I'm trying to set a few rows from a dataframe using a mask of a mask. but I get an "Unalignable boolean Series provided as indexer" error.
Here is a small example:
import pandas as pd
data = {'c1':[1,2,3,4],
'c2':[2,4,6,8]}
df = pd.DataFrame(data)
mask = df['c1'] >= 3
mask2 = df.loc[mask, 'c2'] <= 6
df[mask2]
df[mask2, 'c2'] = -1
Here mask
is:
0 False
1 False
2 True
3 True
Name: c1, dtype: bool
And mask2
is:
2 True
3 False
Name: c2, dtype: bool
But now df[mask2]
yields:
IndexingError: Unalignable boolean Series provided as indexer (index of the boolean Series and of the indexed object do not match
What I should expect it to return is row with index 2:
c1 c2
2 3 6
I realize that for this example df[(df['c1'] >= 3) & (df['c2'] <= 6)]
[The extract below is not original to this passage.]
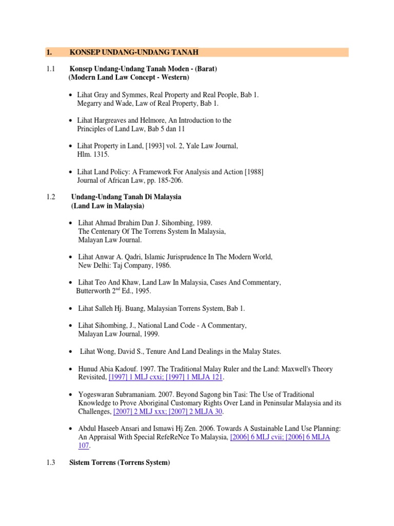Undang Undang Tanah Di Malaysia Muhammad Fathi Yusof Universiti Teknologi Malaysia Pdf Free Download

Would give me the expected result, but my program flow requires a mask of a mask, instead of the intersection of 2 masks.
CodePudding user response:
One solution is to do a logical and (&
) of both predicates:
mask = (df['c1'] >= 3) & (df['c2'] <= 6)
res = df[mask]
print(res)
Output
c1 c2
2 3 6
Use the mask
to change the values as follows:
df.loc[mask, 'c2'] = -1
print(df)
Output (after changing df)
c1 c2
0 1 2
1 2 4
2 3 -1
3 4 8
CodePudding user response:
Your approach failed because you need a full array for boolean indexing and mask2
is not aligned with df
anymore.
If you want to avoid computing your mask2 on all items (let's say you subselected only a fraction of the input and the operation is costly), you can reindex
the mask:
df.loc[mask2.reindex_like(mask).fillna(False), 'c2_modified'] = -1
output (as new column for clarity):
c1 c2 c2_modified
0 1 2 NaN
1 2 4 NaN
2 3 6 -1.0
3 4 8 NaN